Mais attention ! Les valeurs du Derby et du Jockey Club sont comme le résultat d’un match à la mi-temps. Dans la deuxième partie de la saison, il peut augmenter. Les cas plus flagrants sont :

  • Almanzor (Wootton Bassett), qui est passé du petit 52,5 de Chantilly à 58,5 après son coup de deux en Irlande et Angleterre ;
  • et Sea The Stars (Cape Cross), qui était bien meilleur que le 56 affiché à Epsom. Sa démonstration dans l’Arc de Triomphe l’a poussé à 61,5.

 

En attendant les grandes courses inter-générations, je me suis posé une question philosophique. Est-ce-que Roaring Lion, qui me semblait être un coup sûr dans le French Derby s’il avait couru, aurait gagné à Chantilly ? Phil Bull avait inventé les ratings pour mieux placer son argent et ceux de ses amis et clients. Il ne voulait pas classer les courses mais les chevaux…

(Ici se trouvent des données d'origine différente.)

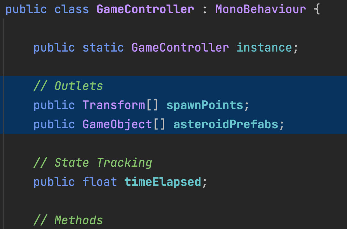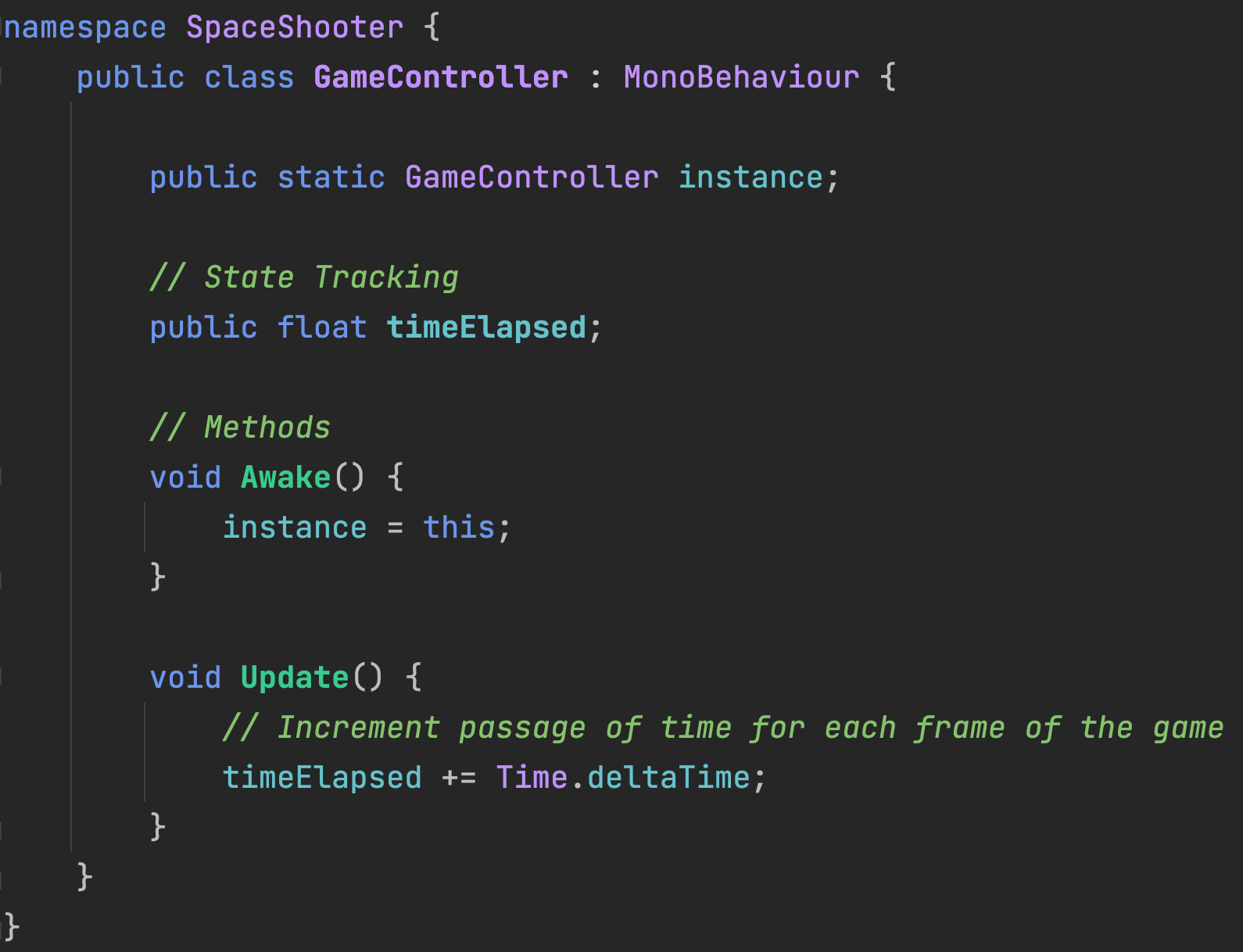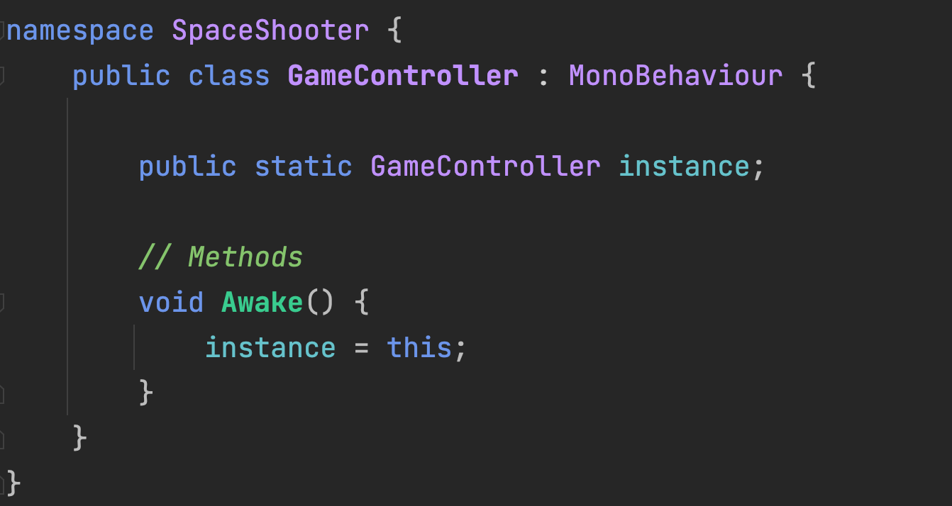 This allows us to reference GameController purely through code without having to drag-and-drop into a property field on every other object. Static Instance Referencing ONLY works if there is exactly one of an object. There will always be only one GameController in this scene.

Le pensionnaire de John Gosden, sur une distance un peu longue (2.400m à Epsom contre les 2.100m de Chantilly), a affiché 117. Disons que sur 2.100 mètres, il pouvait faire 119 (54 en valeur), donc quatre livres plus que Study of Man.

Clairement, je me suis dit que cela en faisait un gagnant (rêvé, seulement) du Jockey Club… Mais là, j’ai eu le souvenir d’une discussion arrosée de Campari avec un entraîneur classique (deux succès dans le Derby) de la classe de Luca Cumani. La question était : combien de livres d’avantage faut-il en théorie avoir pour gagner une course en se mettant à l’abri de mauvaises surprises dans le parcours et d’une possible faute du jockey ? La réponse, que j’ai pris comme une loi, est : huit. Depuis lors, avant de juger un favori imbattable, je calcule s’il est huit livres meilleur que les autres.